ノーマルはサイズや重さを感じさせない機敏なハンドリングながらも、ノーズの入りが悪く、ある意味“強引”に旋回状態に持ち込む印象でしたが、HIPERMAX Sはステアリングを切るとスーッとノーズが入っていきます。 つまり、ノーマルよりもコーナリングの一連の流れに連続性があり、結果としてより素直、より自然なフィーリングです。 HKSの担当者に話を聞くと「HIPERMAX Sのアッパーは通常は強化ゴムマウントですが、モデルYは ノーズの入りの悪さを解消するためにピロアッパーを採用。それが効いていると思います」と教えてくれました。 また、旋回時の姿勢も上手に荷重が四輪に分散されている印象でした。結果としてフロント外輪への負担が減り、ノーマルよりも少ない舵(だ)角で曲がることが可能です。
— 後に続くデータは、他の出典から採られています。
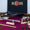 Adreste yapılan aramalarda 2 adet ruhsatsız tabanca. çok sayıda silah parçası ve tabanca fişeği, 2 adet ruhsatsız tüfek ve 1 adet kılıç ele geçirildi.

恐らく、ステアリングを切り始めの応答が良い→素早く旋回姿勢に持ち込める→4つのタイヤのグリップを上手に活用→より安定、より楽に、より速く旋回ができる…というわけです。 ある自動車メーカーの評価マイスターは「旋回は切り始めが勝負」と言っていますが、HIPERMAX Sはそれをサスペンションチューンで実現しているのです。 乗り心地もいい意味で裏切られました。ノーマルは路面からの突き上げや突っ張った足の動き(ヒョコヒョコしてしなやかさに欠ける)が気になっていましたが、HIPERMAX Sは入力にカドがなく優しい印象です。足の動きも30mmローダウンしていることを忘れるくらいストローク感がある上に、スムーズかつシットリとしており、車格に見合った質感です。 実はバネレートはフロント8kg、リア9kgとストリート用としては高めの設定ですが、乗り心地はノーマルよりも確実に良いと感じるレベルです。恐らくバネレートも減衰力もノーマルよりハード側の設定ですが、タイヤをシッカリたゆませる→初期入力をタイヤで吸収→その先はサスペンション側で吸収という連携が上手にできているのでしょう。 要するに乗り心地はバネ、ダンパー、そしてタイヤのバランスが重要となります。 これらの印象から、個人的には「ノーマルよりもノーマル」と言っても過言ではない走りの仕上がりだと感じました。